I'm not afraid to state that this post describes me

This always been my problem. Gift and a curse.

🎶Some say the end is near Some say we'll see Armageddon soon I certainly hope we will I sure could use a vacation from this Bullshit three-ring Circus sideshow of Freaks Here in this hopeless fucking hole we call L.A. The only way to fix it is to flush it all away🎶

To manifest true light, one must descend into the root of shadow, not to dwell, but to know. For to conquer the dark, one must trace its origin, feel its pulse, and understand the architecture of its deception. Only then can the flame rise above it with sovereign clarity. Know this! the enemy is ancient, cunning, and built from the bones of forgotten empires. Its strength lies not in force, but in illusion. And those who walk without resonance, without soul born fire, will never grasp this. Not because they lack will, but because their design was never encoded to comprehend.

So much truth in one video. It's painful.

That's not intelligence, that wisdom and with much wisdom comes much sorrow...

🎶"I remember when I lost my mind There was something so pleasant about that place Even your emotions have an echo in so much space And when you're out there without care Yeah, I was out of touch But it wasn't because I didn't know enough I just knew too much"🎶

Never did master blending in, dumbing down or shrinking. That multiplies the problem.

Those that are given this gift are to pray for those very individuals that are lost in darkness. We must shine brighter to finish the darkness.

APR, ACUTE PERCEPTION of REALITY, not that I have ever thought about it or experienced it. Imagine the difference between hearing a fight, now seeing though a window and now being in the room. Could be a disability or a blessing. I don't have a lot of friends.

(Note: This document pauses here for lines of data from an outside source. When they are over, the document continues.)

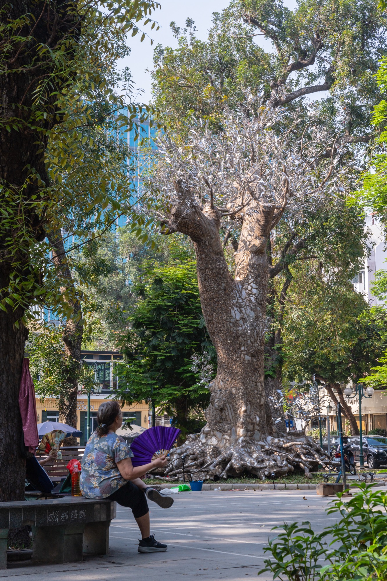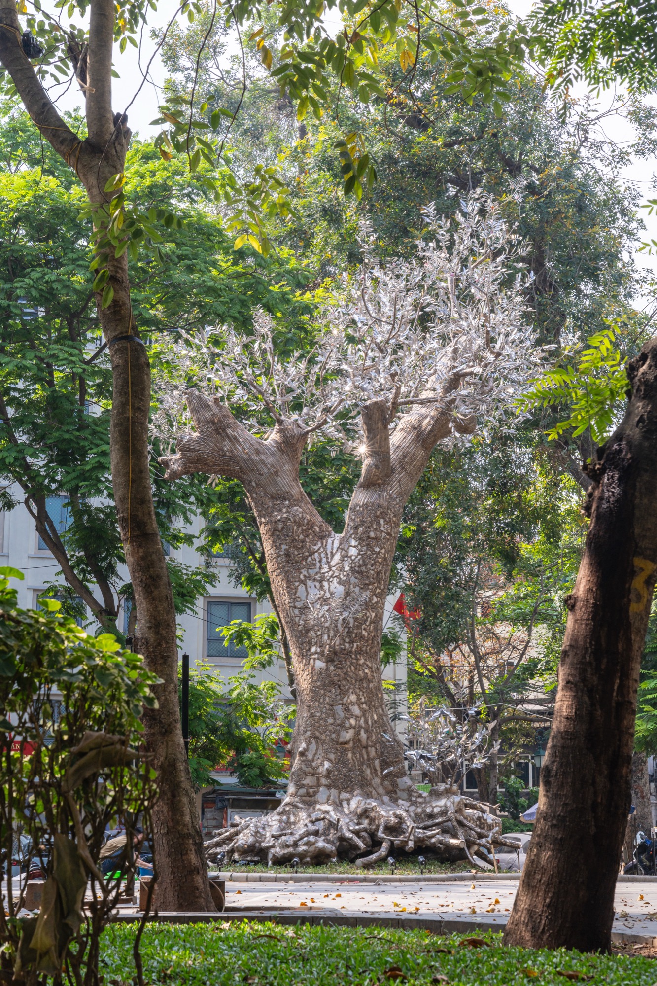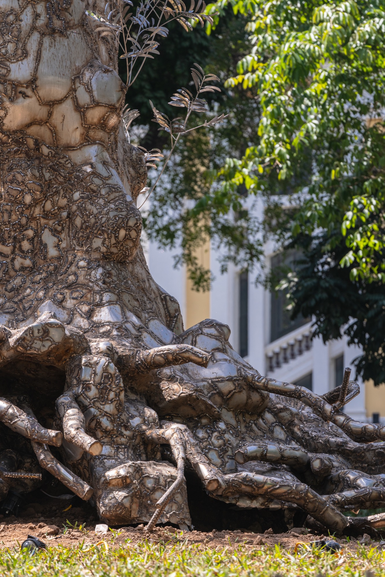 Dựa trên hình dáng nguyên gốc của cây, Tia và các cộng sự đã bao phủ lên thân cây hàng trăm tấm thép không gỉ dày 5mm, được gò hoàn toàn thủ công theo từng đường vân tự nhiên. Bề mặt kim loại vừa bóng mượt vừa gồ ghề, mô phỏng lớp vỏ cây cũ. Những tấm thép khi hoàn thiện trở thành lớp vỏ bọc ánh kim như phản chiếu lại linh hồn đã mất. Hơn 6.000 giờ làm việc liên tục, hơn 6 tấn kim loại, là con số để hoàn thiện tác phẩm này.
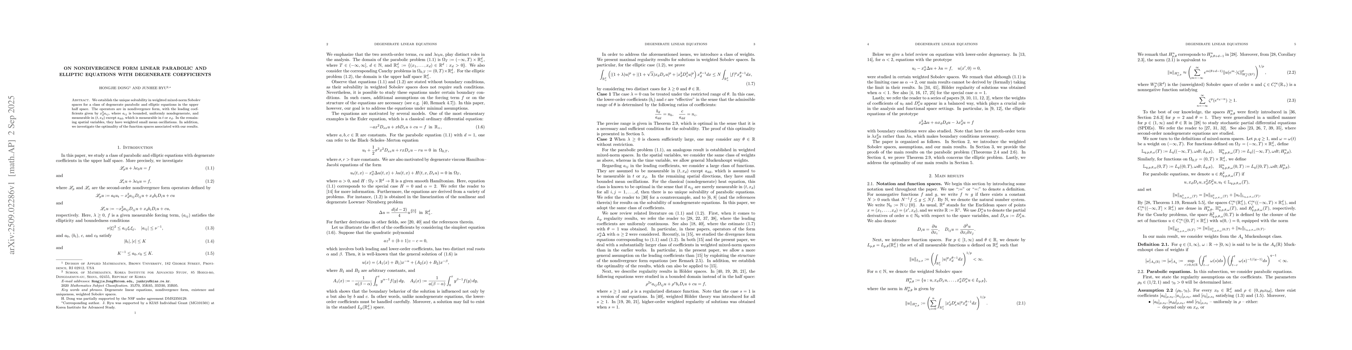 We establish the unique solvability in weighted mixed-norm Sobolev spaces for a class of degenerate parabolic and elliptic equations in the upper half space. The operators are in nondivergence form, with the leading coefficients given by $x_d^2a_{ij}$, where $a_{ij}$ is bounded, uniformly nondegenerate, and measurable in $(t,x_d)$ except $a_{dd}$, which is measurable in $t$ or $x_d$. In the remaining spatial variables, they have weighted small mean oscillations. In addition, we investigate the optimality of the function spaces associated with our results.
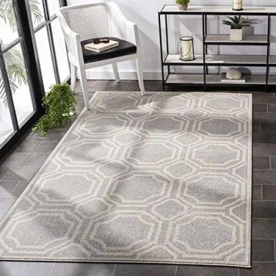 TRENDY STYLE: Geometric rug design from the Safavieh Amherst Collection woven in Turkey enhances any outdoor space. This durable design can also be used for kitchen, playroom, nursery or any high traffic area. Available in many colors and sizes. HIGH QUALITY & DURABLE DESIGN: Woven of 67% Polypropylene / 18% Fibrillated Polypropylene / 8% Latex / 7% Poly-Cotton this machine made area rug has a plush & comfortable 0.95 cm low pile and is soft underfoot. STAIN RESISTANT & FAMILY-FRIENDLY: Expertly woven from enhanced soft synthetic durable fibers that are stain resistant and non-shedding, the rug doesn't trap dirt or debris making it pet-friendly and easy to clean. Perfect for high traffic areas. EASY CARE & MAINTENANCE: Outdoor rugs are made from fibers that are water and stain resistant and deter mildew to withstand natural weather elements. Rinse with a garden hose to remove excessive grime. Dry over a railing in the sun on both sides. THE BRAND: Safavieh has been a trusted brand and global leader in home & living for over 100 Years. Experts in making quality, durable, trendy designs, the brand mixes materials, colors and styles to create a collection of rugs, furniture and lights Construction Type: Power Loomed; Material: 67% Polypropylene 18% Fibrillated Polypropylene 8% Latex 7% Poly-Cotton(Warp) Size: 121 X 182 cm; Colour: Light Grey / Ivory Vacuum regularly to prevent dust and crumbs from settling into the roots of the fibres. Avoid direct and continuous exposure to sunlight. Use rug protectors under the legs of heavy furniture to avoid flattening piles. Do not pull loose ends; clip them with scissors to remove. Turn carpet occasionally to equalize wear. Remove spills immediately. Professional cleaning is recommended.
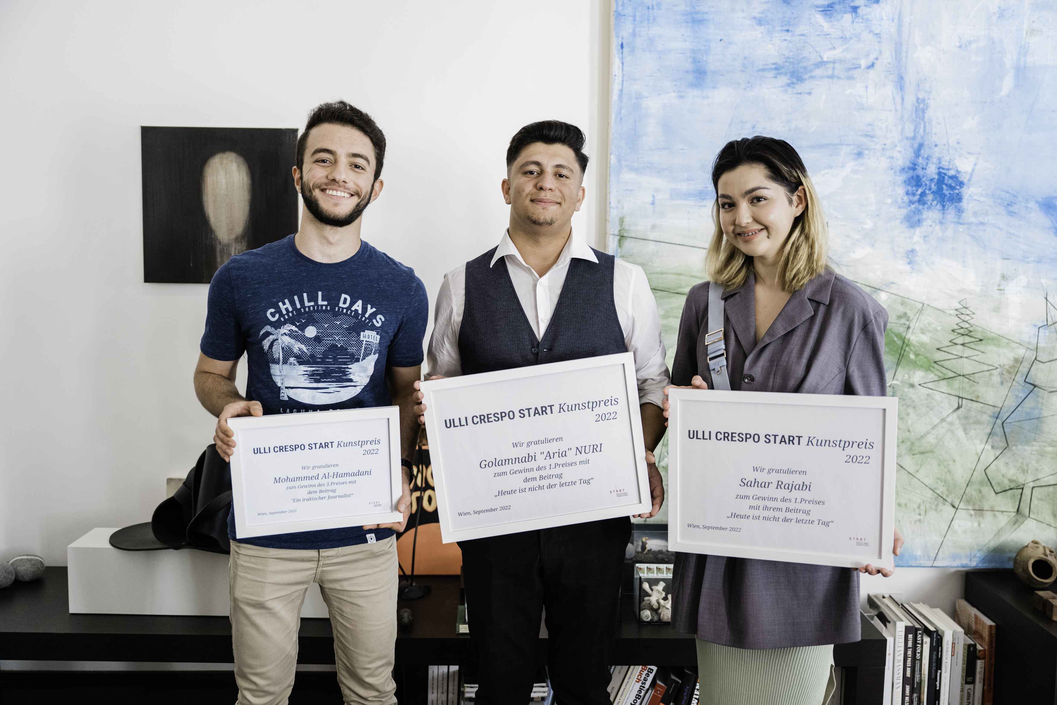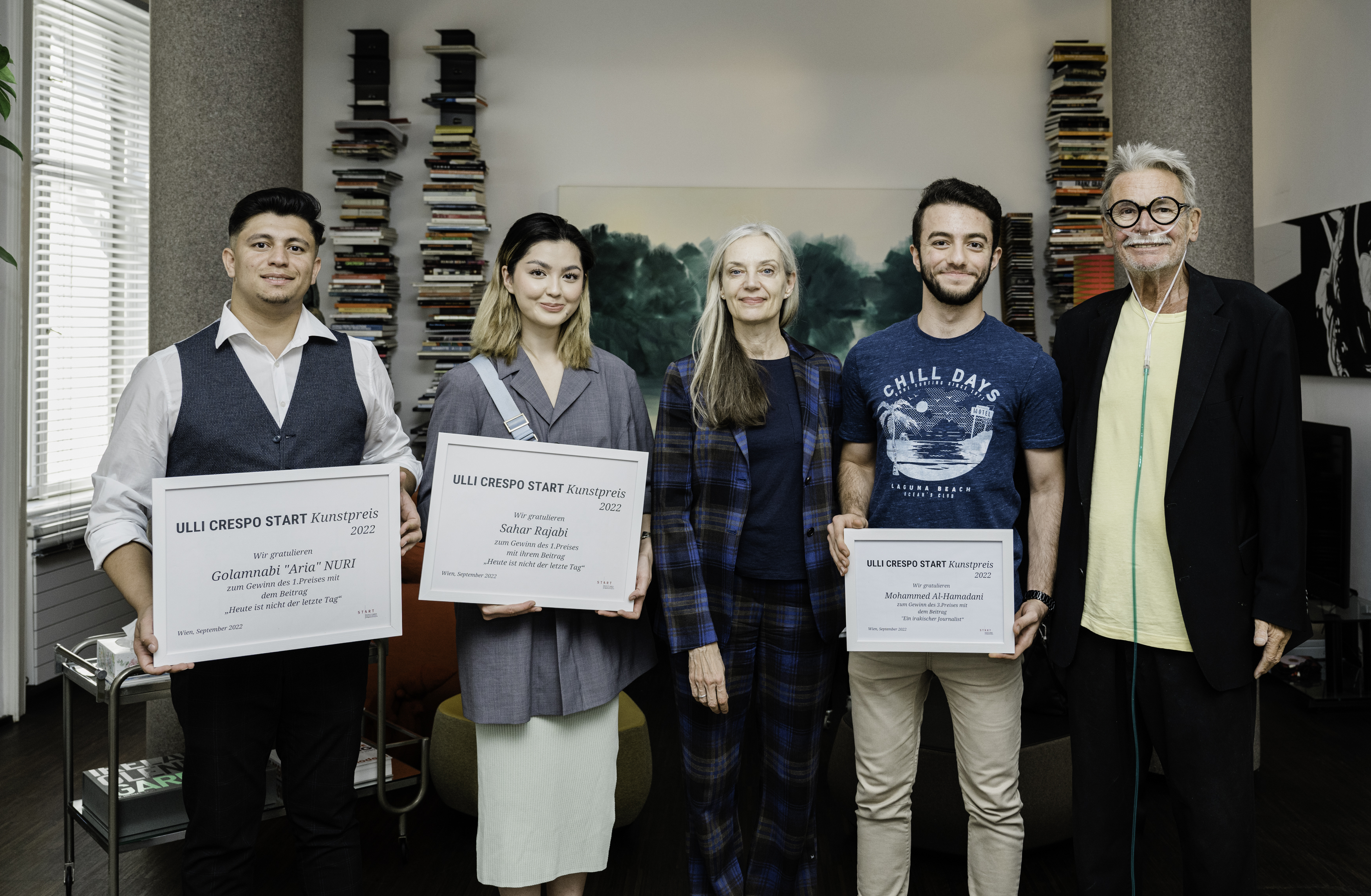 In der Jury des 2020 ins Leben gerufenen Kunstpreises saßen Michael Satke, bis zuletzt Lebensgefährte von Ulli Crespo, Heidi Löber, Patin des START-Stipendienprogramms, Luna Al-Mousli, ehemalige START-Stipendiatin, Autorin und Grafikdesignerin, sowie Katrin Bernd, Geschäftsführerin beim Verein START-Stipendien Österreich.

I’ve been this way since I was 3…. It’s one of many obvious reasons why I chose to be alone…

When I was a kid I would always say...I wish I was stupid so I could enjoy life more. I said it like a joke but it was true. To not be aware of most of the things other people don't see. At the same time though, would I have it any other way? No.

Well said. It's a lonely few we can surround ourselves with.

Only if you don't have God it's a curse.

Thank God, im normal, this isn't my forever home. ✝️🙏🇺🇸🌎

Yes In some ways but. Man I’m glad I’m not a sleeper.

The more I learn the harder it is to engage in the mundane

Idk how many times I said I wish I was as dumb as an ass because things wouldn’t annoy me so much

You only know what you think you know.

Knowing too much and not acting on it is the curse.